A practical playbook you can run this quarter
- Form the team: policy lead, domain expert, product manager, ML engineer, data engineer, designer, and privacy/security lead. Assign a translator to manage trade-offs.
- Pick outcome-first use cases: tuberculosis triage, debris mapping, traceability checks, or policy consistency scans. Define success metrics that matter to citizens, not dashboards.
- Start with public data and DPGs where possible. Document data provenance, consent, and retention. Write data contracts that include equity and environmental clauses.
- Ship an API before a UI. Keep interfaces simple for frontline workers. Plan for low-connectivity and offline modes.
- Build in oversight: model cards, data statements, audit logs, explainability notes, and human-in-the-loop checkpoints where risk is high.
- Measure resource use: track energy, cooling water, and inference cost per decision. Prefer efficient models, scheduled inference, and regional hosting that meets sustainability goals.
- Secure procurement: require risk assessments, red-teaming evidence, and incident response plans. Mandate accessibility and language support.
- Plan ownership from day one: budget for local maintenance, train public sector teams, and set a realistic exit and upgrade path.
Traceability that works for smallholders
For commodities like coffee and cocoa-major drivers of deforestation-traceability is becoming non-negotiable. Smallholders need simple workflows: geotag plots, verify boundaries, link to supply lots, and flag deforestation risk with clear remediation steps.
Practical stack: satellite-derived land-use layers, mobile data collection, a lightweight rules engine for risk flags, and an export that meets EUDR requirements. Keep the model explainable so farmers and buyers can act on it.

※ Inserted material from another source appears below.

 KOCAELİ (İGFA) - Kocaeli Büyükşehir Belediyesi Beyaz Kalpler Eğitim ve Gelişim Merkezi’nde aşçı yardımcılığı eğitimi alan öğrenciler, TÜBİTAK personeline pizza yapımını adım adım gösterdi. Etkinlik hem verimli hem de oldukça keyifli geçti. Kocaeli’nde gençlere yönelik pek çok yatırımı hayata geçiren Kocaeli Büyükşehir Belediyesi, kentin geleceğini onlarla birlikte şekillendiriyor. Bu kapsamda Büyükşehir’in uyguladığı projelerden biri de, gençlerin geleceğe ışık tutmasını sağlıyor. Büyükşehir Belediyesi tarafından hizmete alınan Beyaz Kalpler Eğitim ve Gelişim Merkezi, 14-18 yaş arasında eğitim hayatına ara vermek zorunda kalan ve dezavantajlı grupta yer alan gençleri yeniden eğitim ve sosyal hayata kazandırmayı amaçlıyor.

AI for crisis and public services: patterns that scale
- Forecasting: combine earth observation, mobility signals, and administrative data for displacement and damage forecasts. Validate with ground truth early and often.
- Triage: use low-latency models for screening (e.g., TB X-rays) and route cases to human experts with clear thresholds.
- Policy analysis: use NLP to compare national strategies with global targets. Flag gaps; keep humans in charge of interpretation.
- Information integrity: monitor toxic narratives with transparent taxonomies. Share aggregate insights with civil society and platforms where appropriate.
From pilots to ecosystems
UNDP's AI Sprint supports countries with strategies, training, data infrastructure, and responsible AI advisory. The Hamburg Declaration on Responsible AI for the SDGs signals a shared direction: AI must serve people and the planet, and reduce inequality rather than amplify it.
If you're upskilling teams for delivery and oversight, explore curated learning paths by job role: AI courses by job.
Bottom line
AI can widen gaps or solve real problems. Multidisciplinary teams, public ownership, and serious governance decide which path we take. The time to build with care-and at scale-is now.